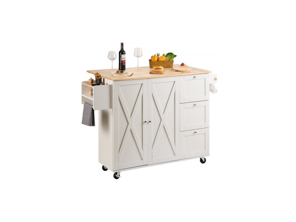 VEVOR Vozík na kuchyňský ostrov s deskou z masivního dřeva, 45,3" šířka mobilní vozíky s úložnou skříňkou, pojízdný kuchyňský stůl s věšákem na koření, věšák na ručníky, list a zásuvka, přenosné ostrůvky na kolečkách, bílá
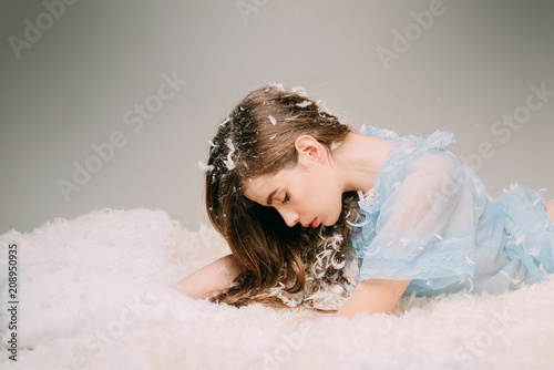 Tenderness and fragility of youth concept. Side view teenage girl lying on drowsy bed on gray background. Beautiful young fairy in blue dress with delicate features on soft cloud of white feathers
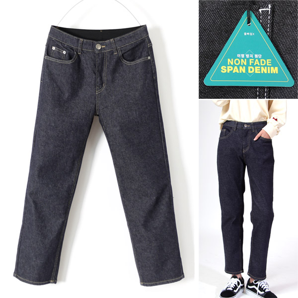 (S~3XL) 논페이드생지 데님스판 일자팬츠 생지일자진 플러스사이즈 빅사이즈여성청바지 흑청 진곤청 허리밴딩청바지
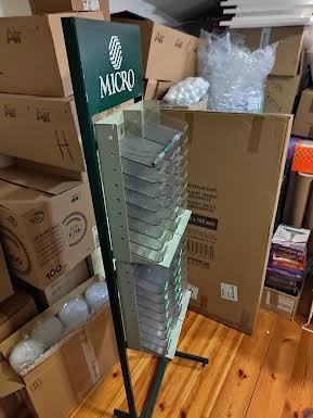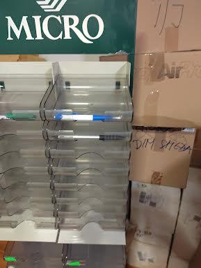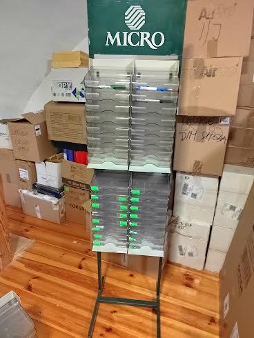 Polica za kemijske olovke, grafitn olovke, flomastere, markere, ima 32 pozicije - ladice, za pregledno izlaganje na vlastitom metalnom stalku, moduli se mogu skinuti i postaviti zasebno na pult

Instructions to follow:
The lines needed are those from the one containing "Tenderness and fragility" through the end of the listing, given again word for word and without any picture.

Response to this exercise:
 Tenderness and fragility of youth concept. Side view teenage girl lying on drowsy bed on gray background. Beautiful young fairy in blue dress with delicate features on soft cloud of white feathers
 (S~3XL) 논페이드생지 데님스판 일자팬츠 생지일자진 플러스사이즈 빅사이즈여성청바지 흑청 진곤청 허리밴딩청바지
 Polica za kemijske olovke, grafitn olovke, flomastere, markere, ima 32 pozicije - ladice, za pregledno izlaganje na vlastitom metalnom stalku, moduli se mogu skinuti i postaviti zasebno na pult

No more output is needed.